Lord-in-waiting Government Whip
- In office 9 January 2013 – 7 May 2015
- Prime Minister: David Cameron
- Preceded by: The Viscount Younger of Leckie
- Succeeded by: The Earl of Courtown

Member of the House of Lords
- Lord Temporal
- Life peerage 10 July 2010

Personal details
- Born: Dolar Amarshi Popat 14 June 1953 (age 73) Busolwe, Uganda
- Party: Conservative
- Spouse: Lady Sandhya Popat
- Children: 3, including Paavan Popat
- Alma mater: Kilburn Polytechnic Chartered Institute of Management Accountants
- Website: Official website

= Dolar Popat =

Ugandan-British politician (born 1953)

Dolar Amarshi Popat, Baron Popat (born 14 June 1953) is a Ugandan-British politician, accountant, businessman and Conservative life peer in the House of Lords.

He became a Member of the House of Lords in July 2010 and is the first Gujarati to represent the Conservative Party in the upper house. From January 2013 to March 2015 he served as a Minister of the Crown at the Department of Business, Innovation and Skills, and the Department for Transport. He was Lord-in-Waiting, with the duties of a party whip. He was subsequently appointed as the Prime Minister's Trade Envoy to Rwanda and Uganda in January 2016.

== Early life ==
Dolar Popat was born in 1953 in Busolwe and was brought up in Tororo, Uganda. He arrived in the UK in 1971 at the age of 17, a year before the expulsion of Indians in Uganda in 1972. Popat sponsored himself through night school at Kilburn Polytechnic by taking on jobs including working as a dishwasher, waiter, and grill chef at a Wimpy burger bar on Kilburn High Road. He later qualified as an Affiliate of the Chartered Institute of Management Accountants (CIMA) in 1977 and went on to practise specialising in business and corporate finance. He diversified into the healthcare sector in the late 1980s and the hospitality sector in the late 1990s, and secured a master franchise with the Intercontinental Hotels Group for Express by Holiday Inn in the UK.
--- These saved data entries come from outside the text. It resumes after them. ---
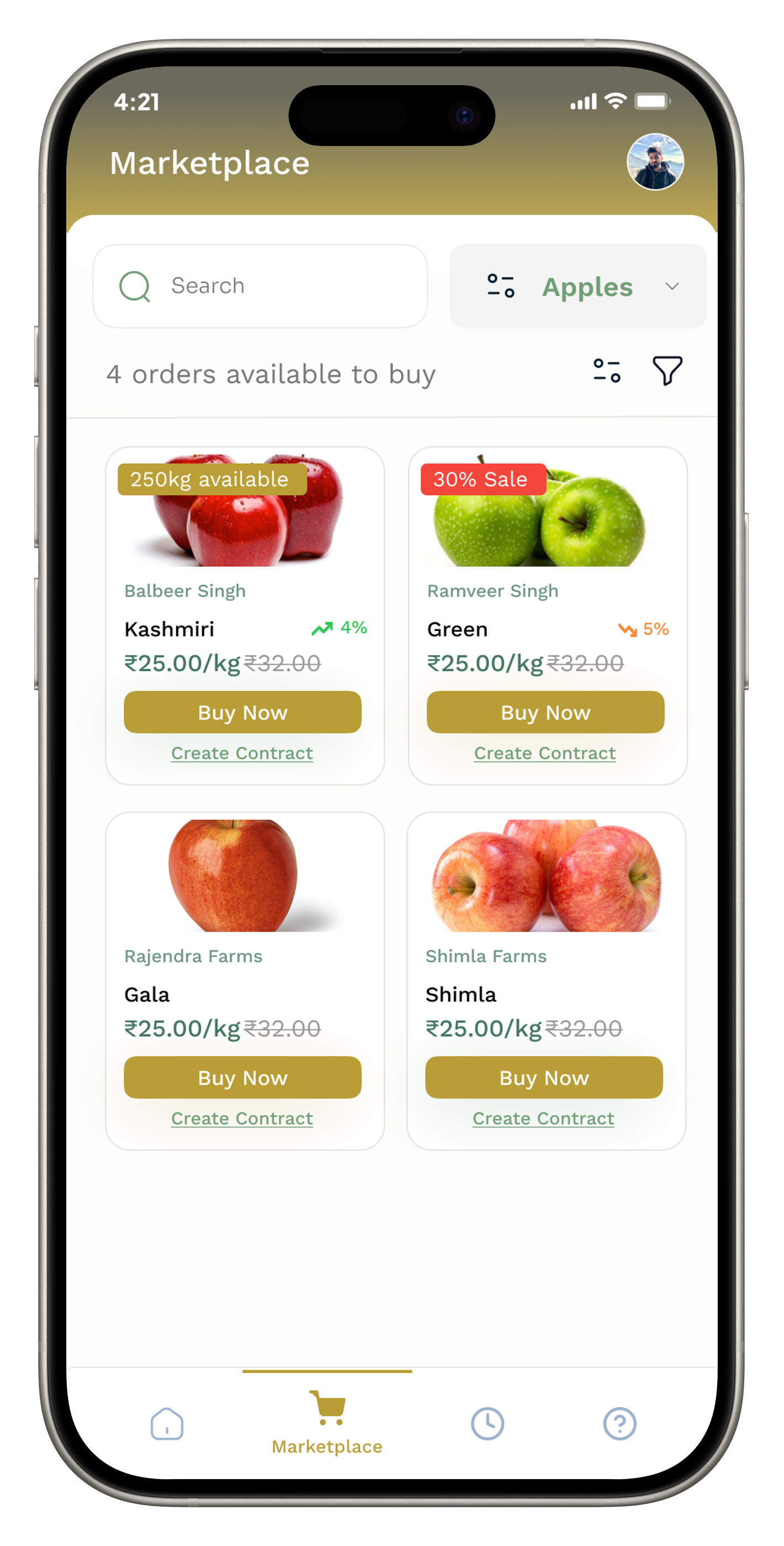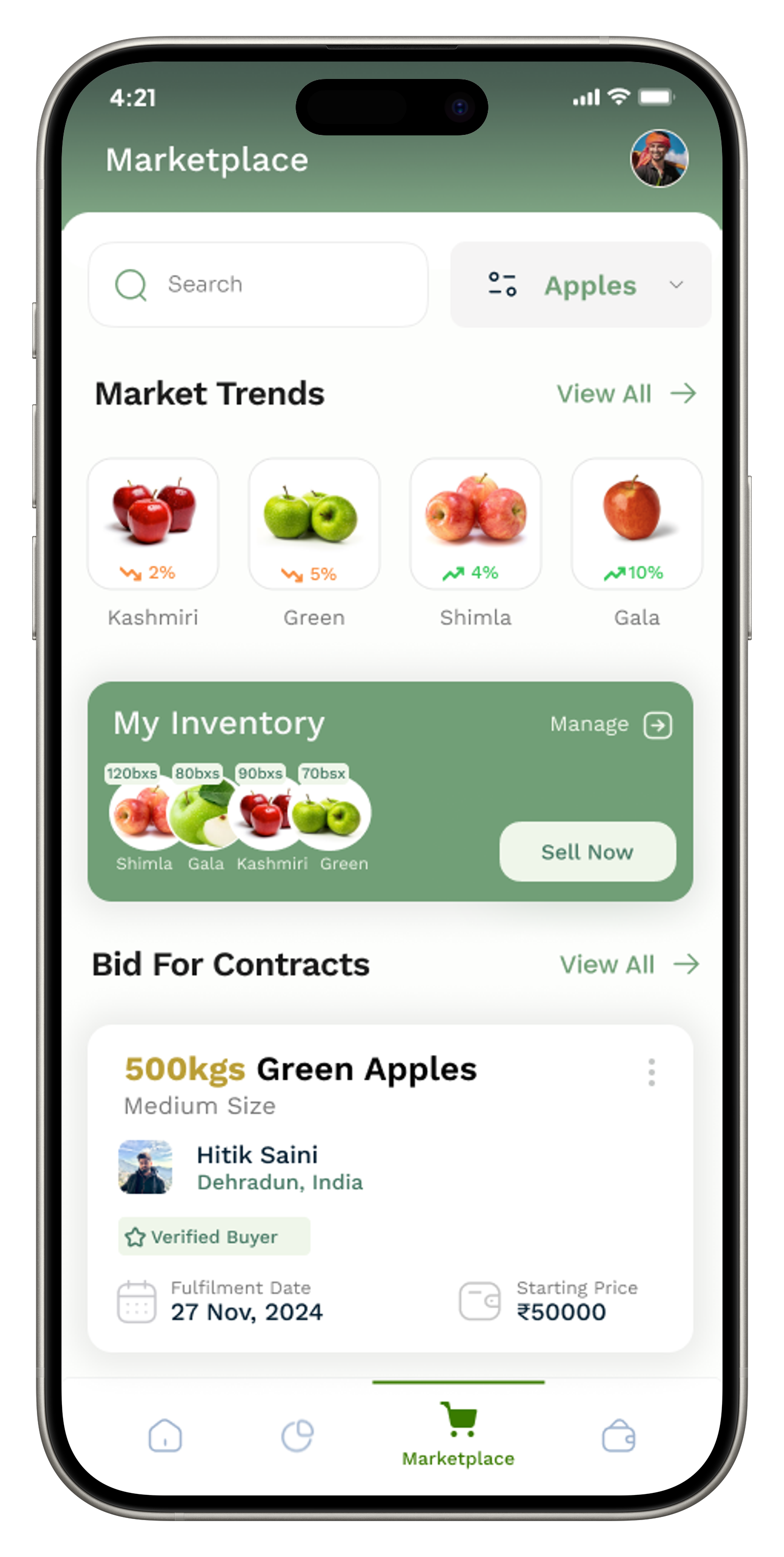 - • Get competitive offers for your produce by listing directly on the marketplace.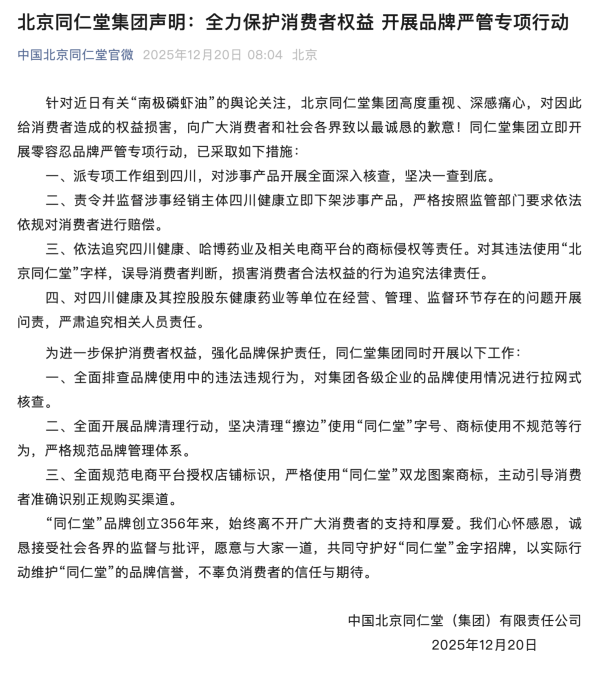 同仁堂集团表示,立即开展零容忍品牌严管专项行动,已采取如下措施:派专项工作组到四川,对涉事产品开展全面深入核查,坚决一查到底;责令并监督涉事经销主体四川健康立即下架涉事产品,严格按照监管部门要求依法依规对消费者进行赔偿;依法追究四川健康、哈博药业及相关电商平台的商标侵权等责任。对其违法使用“北京同仁堂”字样,误导消费者判断,损害消费者合法权益的行为追究法律责任。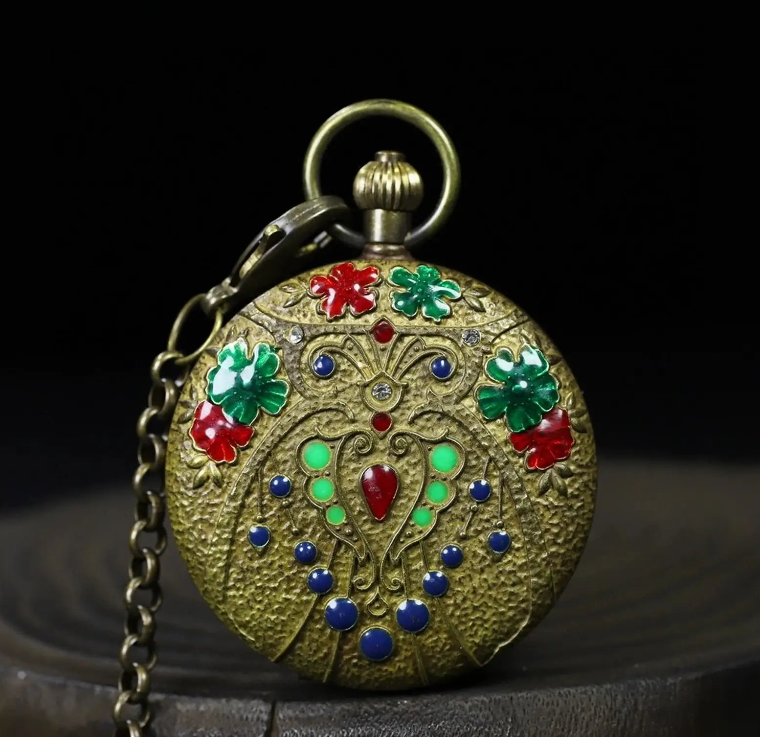 The Double Hunter structure gives it a unique sense of ceremony. Thumb lightly pushes the crown of the watch, and the front and rear covers open one after another – one side is the dazzling enamel of cloisonn é, and the other side is the precision of mechanical operation. On top of the hammered copper base, the red, green, and blue gemstone glazes outline a symmetrical peacock pattern, with rhinestones embellishing it, shining brightly even after a hundred years.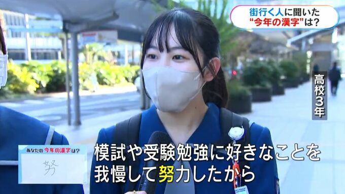 (高校3年・「努」)「模試や受験勉強に好きなことを我慢して努力したから。中学校の先生になりたいので勉強を頑張っている」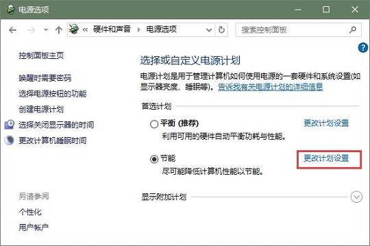 1、依次进入:控制面板——硬件和声音——电源选项,然后找到正在使用的电源计划,选择其右边的“更该计划设置”;

On 16 July 2019 (Guru Purnima), Popat unveiled his autobiography, A British Subject: How to Make It as an Immigrant in the Best Country in the World.

== Career ==
After completing his studies, Popat held a number of positions, including trainee accountant at Rockware Glass and UDT Finance (Barclays). After practicing as an accountant in the 1970s, he specialized in business and corporate finance. Popat diversified into the health care sector in the late 1980s and the hospitality sector in the late 1990s, securing a master franchise with the Intercontinental Hotel Group for Express by Holiday Inn in the UK.

== Politics ==
Popat is an advocate of community cohesion and the importance of reconciling and uniting different cultures under the UK's central democratic process. Before his elevation to the House of Lords, he was an active supporter of the Conservative Party, acting as a party adviser to help engagement with the British Indian community to the Thatcher, Major and Cameron governments.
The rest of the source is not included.